Thanks for your time. So is it correct to say that it would happen 1 in 12 times so therefore a 8.33% chance of it happening?
NO, the probability 1/12 refers to throwing a 4 on any particular roll. I expected that to be something a craps player would understand inherently.
The probability of NOT throwing a 4 is 11/12,
So the probability of N throws
before the first 4 is
(11/12)*(11/12)*. . . *(1/12)= (11/12)^N * (1/12)
That tells you how long a run you can expect
without a 4 being thrown. [Note that I have defined N as the number of not-4s, while the form used by
pka is N= the first throw that
is a 4.]
Code:
N P(N) P(6|N) P(7|N) P(8|N) . . .
0 0.0833
1 0.0764
2 0.0700
. . .
6 0.0494 0.0000214
7 0.0453 0.0001125 0.0000036
8 0.0415 0.0003376 0.0000214 0.0000006
. . .
For example, the probability is 0.0415 that there will be exactly 8 throws before the first 4. That is one chance in 24. If that is the value of N, then the probability that 6, 7, or 8 of those are 7s is 0.0003596. There is a chance of 1/67000 that there will be 8 throws preceding the 4, AND that at least 6 of the 8 are 7s.

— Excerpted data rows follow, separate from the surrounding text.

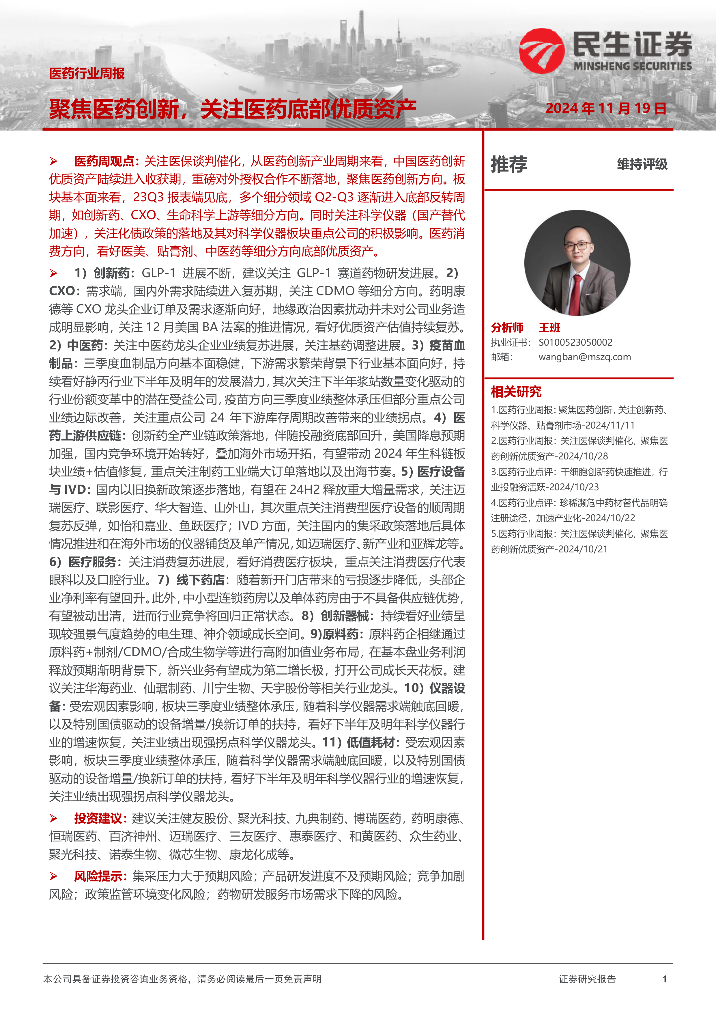 风险提示:集采压力大于预期风险;产品研发进度不及预期风险;竞争加剧风险;政策监管环境变化风险;药物研发服务市场需求下降的风险。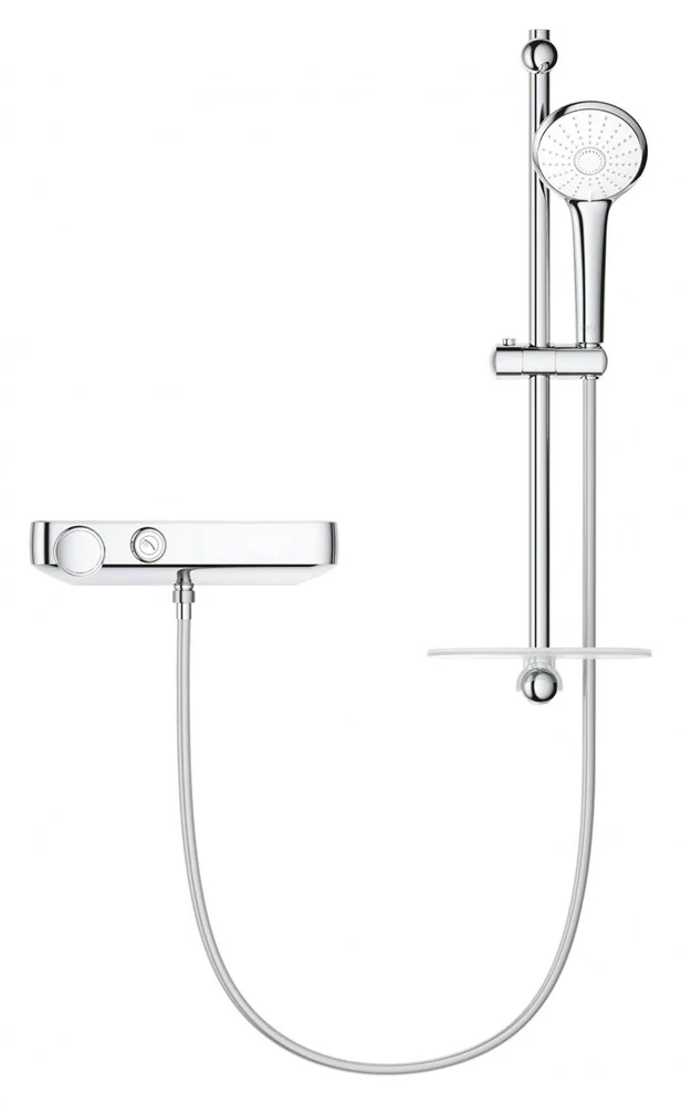 Термостат настенного монтажа GROHE Grohtherm SmartControl для душа с душевым набором делает управление вашим душем совсем простым - и вносит в дизайн ванной свою изюминку.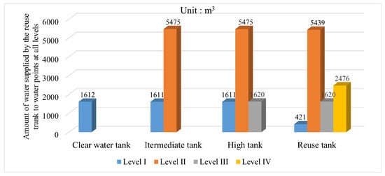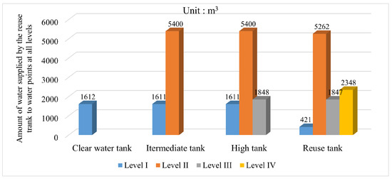 Compared with the traditional reuse method of mine water, which follows the principle of proximity, in the improved multi-level scheduling method, the reuse water of each water point is no longer taken from the reuse tank of its corresponding level alone, but is supplied by multiple reuse tanks at the same time, which realizes the redistribution of water resources between each tank and each water point in the mine water reuse system. Taking a single water point as a reference, it can be found that the water supply from each tank is not equal to each other, which is caused by the combined consideration of mine water reuse cost and reuse time constraints.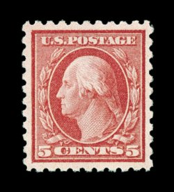 374 nh 467 image#467, 5c Carmine error, unusually well centered within large margins, strong rich color and a crisp impression, unblemished o.g., n.h., extremely fine; an impressive example of this scarce and popular error; 2000 PF certificate. (Image) $1,000.00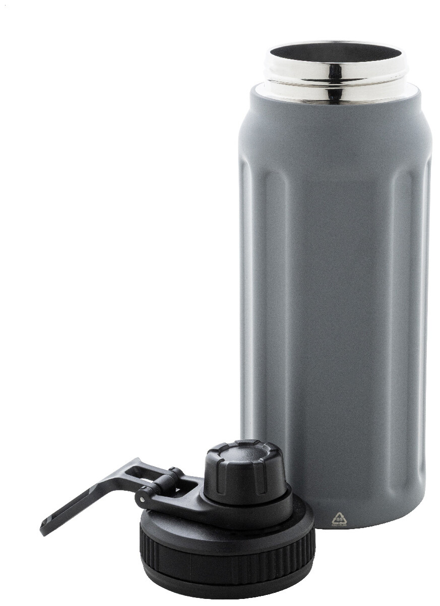 Dvoustěnná termoska z recyklované nerezové oceli s vertikálními drážkami. S víčkem z polypropylenu a s integrovaným držadlem. 540 ml.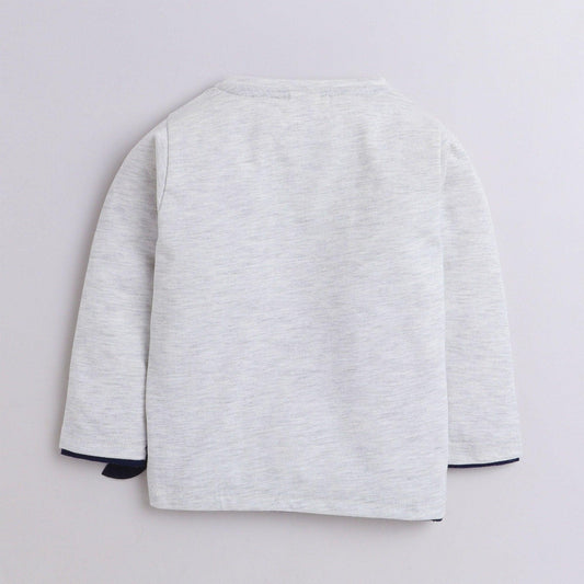 Polka Tots Full Sleeve T-Shirt Cotton Fish Print Grey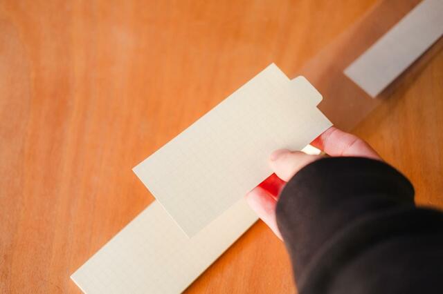 その他、新商品で買ってよかったのが「書きこめるしおり インデックス付」。短冊状のメモなんですが、真ん中で折るとインデックスとしても使えるようになっています。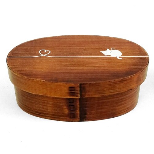 かわいいプリントが蓋にデザインされている曲げわっぱ弁当箱です。 木目に深みが増す漆塗装が施されています。 内容量は400mlです。 |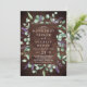 Ce faire-part de mariage à charpente fleurie en lavande rustique est parfait pour une mariage extérieure simple et élégante. Le design floral présente des feuilles d'eucalyptus aquarelle et de la verdure avec des sprigs de fleurs sauvages violets sur l'arrière - plan en faux bois.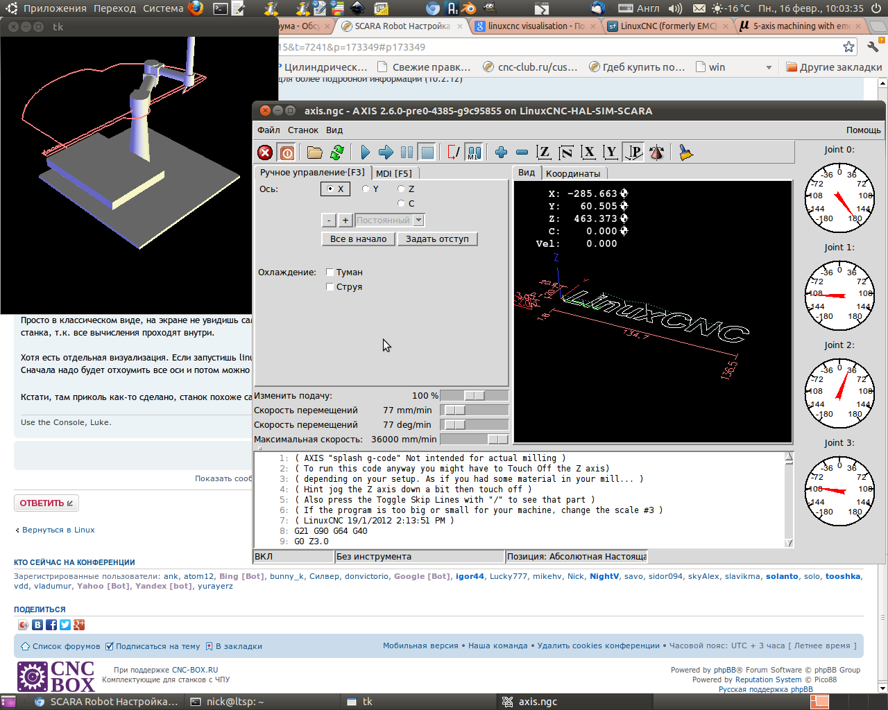 Хотя есть отдельная визуализация. Если запустишь linuxcnc, там найдешь в списке конфигураций scara - то там будет визуализация станка.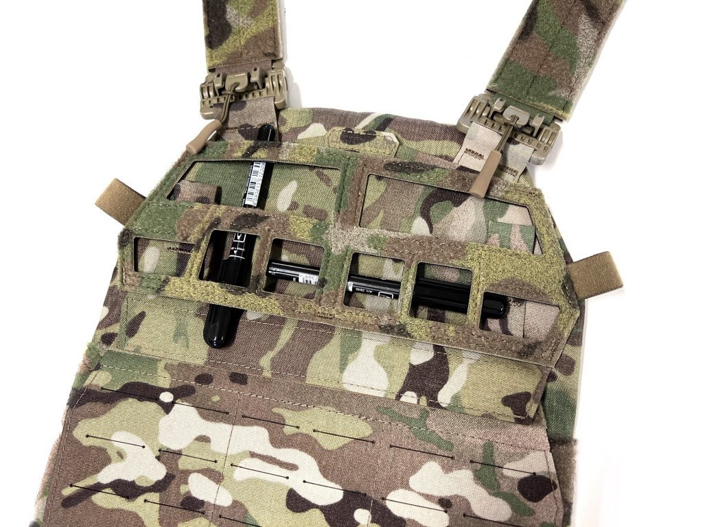 Pro sekundární pojištění zádového panelu, jsou v horní části zadního dílu čtyři otevřené otvory pro maximální rychlost a pohodlnost při provlékání úchytů s druky od zádového panelu. Třetím pojistným bodem, je také nově přidaný zádový VELCRO panel pro uchycení ID patchů, který slouží i fixaci zádového panelu, pokud je ze zadní strany opatřený hrubou částí VELCRO suchého zipu. Tyto protikusy již nově naše panely poskytují.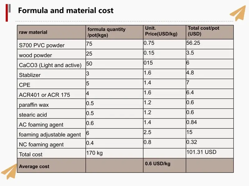 De grondstof voor het maken van WPC-deurpaneel en deurkozijn omvat: PVC-hars, houtpoeder, CaCo3 en chemische additieven. De fabrikant kan de formulering aanpassen aan de productbehoeften van de markt.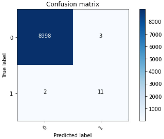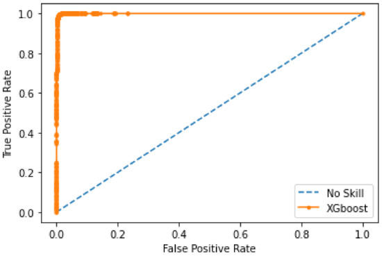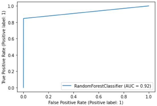 Figure 9 shows the confusion matrix obtained using RF. In this matrix, random forest selects 9014 random samples, correctly identifying 9009 predictions. This means that the proposed model efficiently discriminates between malicious and legitimate transactions. The matrix shows that the highest values are obtained in the case of true negatives, namely 99%. In the other three cases, the number of values is lower. This shows that the proposed model is efficient in detecting true negative transactions. Moreover, the phenomenon of majority voting in the random forest increases the performance of the model during classification. Figure 10 shows the AUC of a random forest. The AUC describes how well the model distinguishes between the positive and negative classes. It can be seen that the value of the AUC increases dramatically at the beginning to almost 0.85. Thereafter, a gradual increase is observed until the maximum value of 0.92 AUC is reached. The random forest model achieves an AUC of 0.92, which means that it performs well in capturing legitimate and malicious transactions.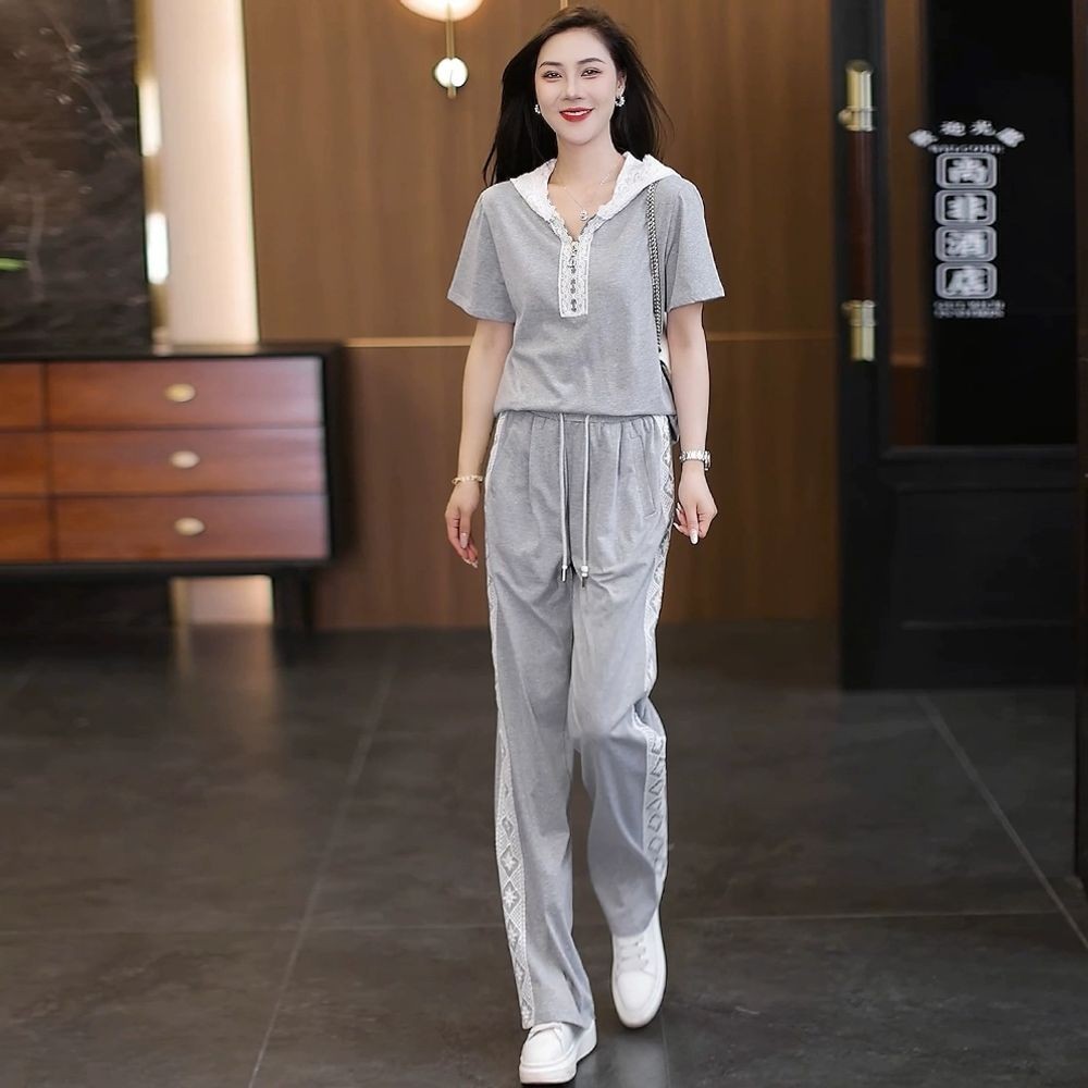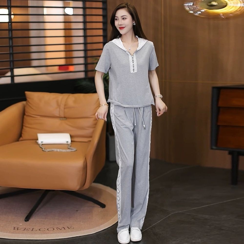 时尚休闲套装女夏季新款减龄显瘦连帽蕾丝短袖上衣阔腿裤两件套女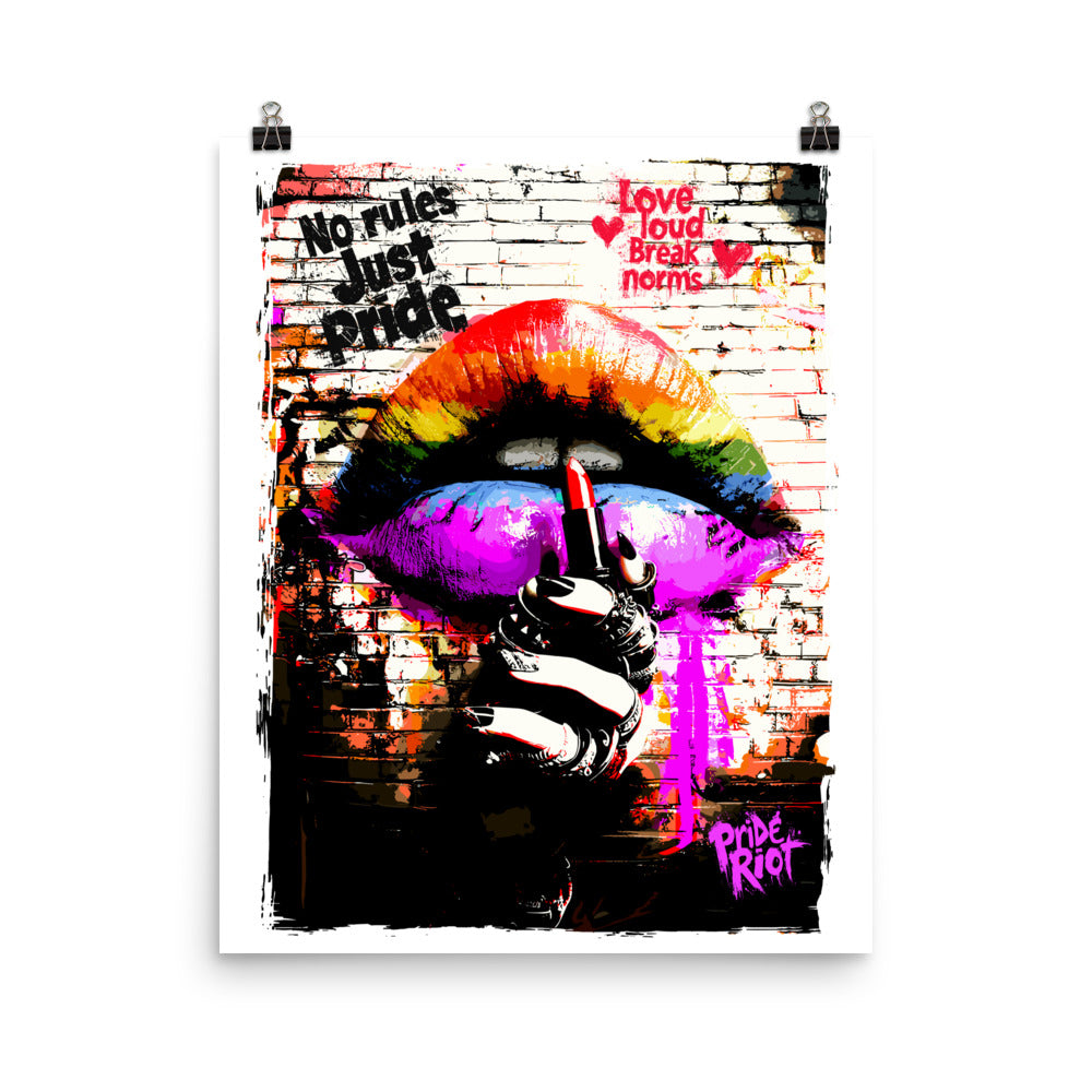 The No Rules Just Pride poster isn’t just wall art—it’s a war cry in matte paper. Featuring a fierce rainbow lip graphic, a defiant lipstick moment, and punk graffiti that says "No Rules. Just Pride," this piece brings unapologetic queer energy to any room.

To get the total probability, you have to add up ALL values of N. The best way to do that would be a spreadsheet.
If you don't understand probability, you are the kind of guy the house loves to see at the craps table. Most "systems" work most of the time, IF you have a big enough bankroll to cover adverse runs. You wind up risking a LOT of money to expect a small positive return. You can continue to make small gains, right up to the day your bank goes bust. It is likely your bankroll is not as large as the house's.